───── Raw data
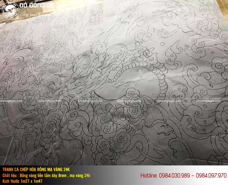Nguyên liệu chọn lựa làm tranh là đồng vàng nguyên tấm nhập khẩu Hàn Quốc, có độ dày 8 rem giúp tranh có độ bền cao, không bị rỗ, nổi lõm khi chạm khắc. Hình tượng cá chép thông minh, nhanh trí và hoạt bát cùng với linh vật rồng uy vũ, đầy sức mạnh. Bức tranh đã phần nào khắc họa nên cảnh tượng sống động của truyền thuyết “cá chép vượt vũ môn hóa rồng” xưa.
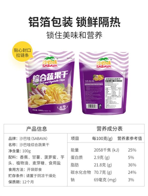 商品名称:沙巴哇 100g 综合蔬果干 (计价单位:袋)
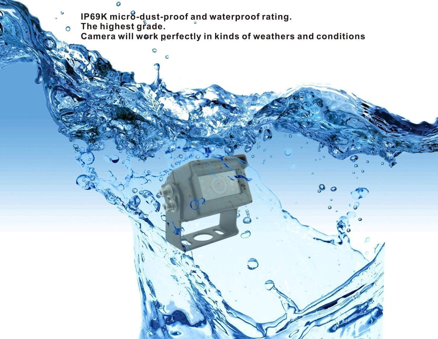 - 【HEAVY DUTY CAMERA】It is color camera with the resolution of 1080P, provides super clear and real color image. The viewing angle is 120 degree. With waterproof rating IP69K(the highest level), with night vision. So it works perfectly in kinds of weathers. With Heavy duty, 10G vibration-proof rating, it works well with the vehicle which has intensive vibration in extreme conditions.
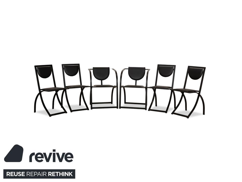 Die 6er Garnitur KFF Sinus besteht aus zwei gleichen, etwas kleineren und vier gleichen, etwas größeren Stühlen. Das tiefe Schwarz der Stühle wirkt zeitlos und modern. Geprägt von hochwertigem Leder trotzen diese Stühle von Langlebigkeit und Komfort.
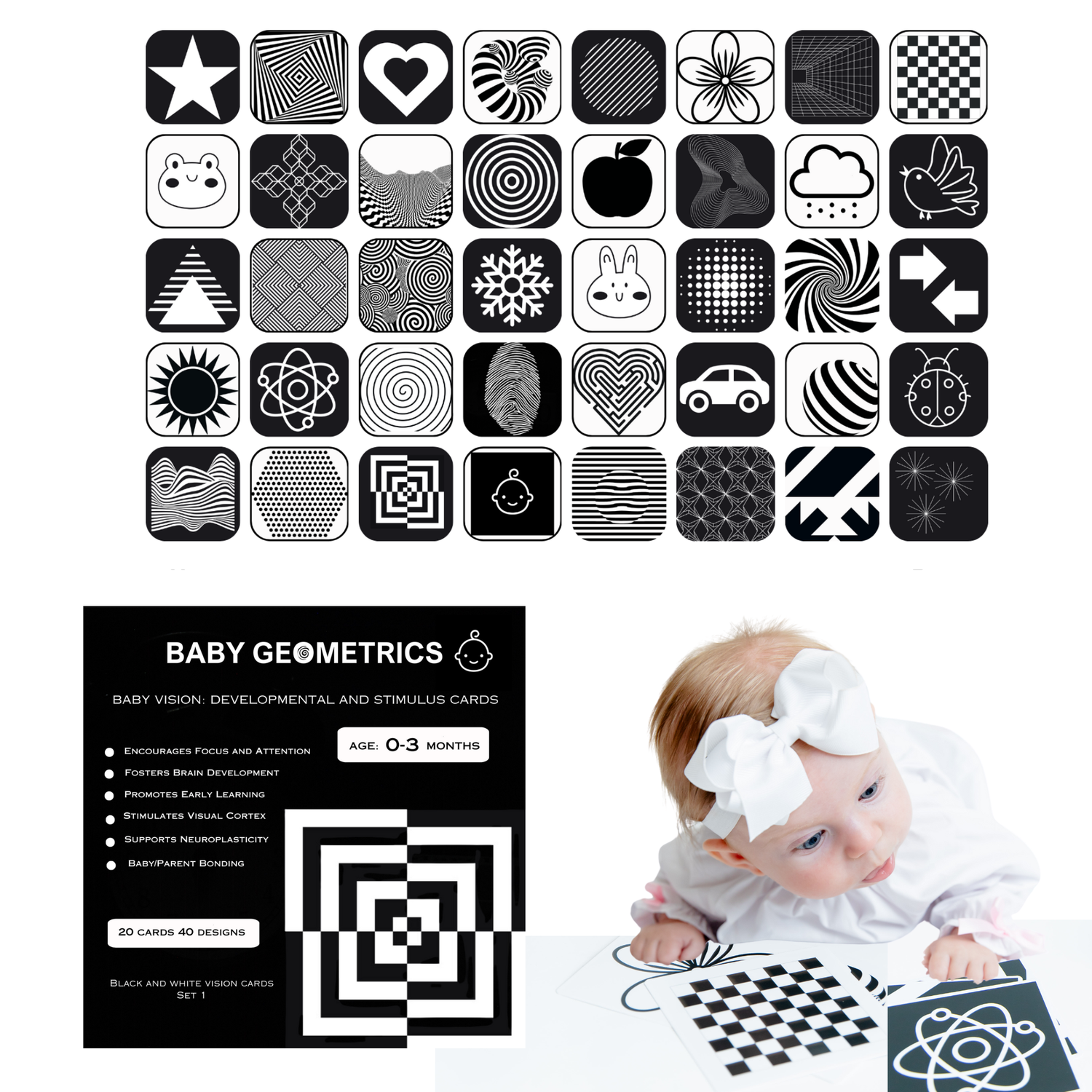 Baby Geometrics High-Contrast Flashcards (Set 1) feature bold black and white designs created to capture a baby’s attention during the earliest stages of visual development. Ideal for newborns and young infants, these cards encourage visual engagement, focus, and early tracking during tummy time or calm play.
──────────
### Work instructions
Copy out the data verbatim, excluding the pictures.

### Answer to the problem
Nguyên liệu chọn lựa làm tranh là đồng vàng nguyên tấm nhập khẩu Hàn Quốc, có độ dày 8 rem giúp tranh có độ bền cao, không bị rỗ, nổi lõm khi chạm khắc. Hình tượng cá chép thông minh, nhanh trí và hoạt bát cùng với linh vật rồng uy vũ, đầy sức mạnh. Bức tranh đã phần nào khắc họa nên cảnh tượng sống động của truyền thuyết “cá chép vượt vũ môn hóa rồng” xưa.
 商品名称:沙巴哇 100g 综合蔬果干 (计价单位:袋)
 - 【HEAVY DUTY CAMERA】It is color camera with the resolution of 1080P, provides super clear and real color image. The viewing angle is 120 degree. With waterproof rating IP69K(the highest level), with night vision. So it works perfectly in kinds of weathers. With Heavy duty, 10G vibration-proof rating, it works well with the vehicle which has intensive vibration in extreme conditions.
 Die 6er Garnitur KFF Sinus besteht aus zwei gleichen, etwas kleineren und vier gleichen, etwas größeren Stühlen. Das tiefe Schwarz der Stühle wirkt zeitlos und modern. Geprägt von hochwertigem Leder trotzen diese Stühle von Langlebigkeit und Komfort.
 Baby Geometrics High-Contrast Flashcards (Set 1) feature bold black and white designs created to capture a baby’s attention during the earliest stages of visual development. Ideal for newborns and young infants, these cards encourage visual engagement, focus, and early tracking during tummy time or calm play.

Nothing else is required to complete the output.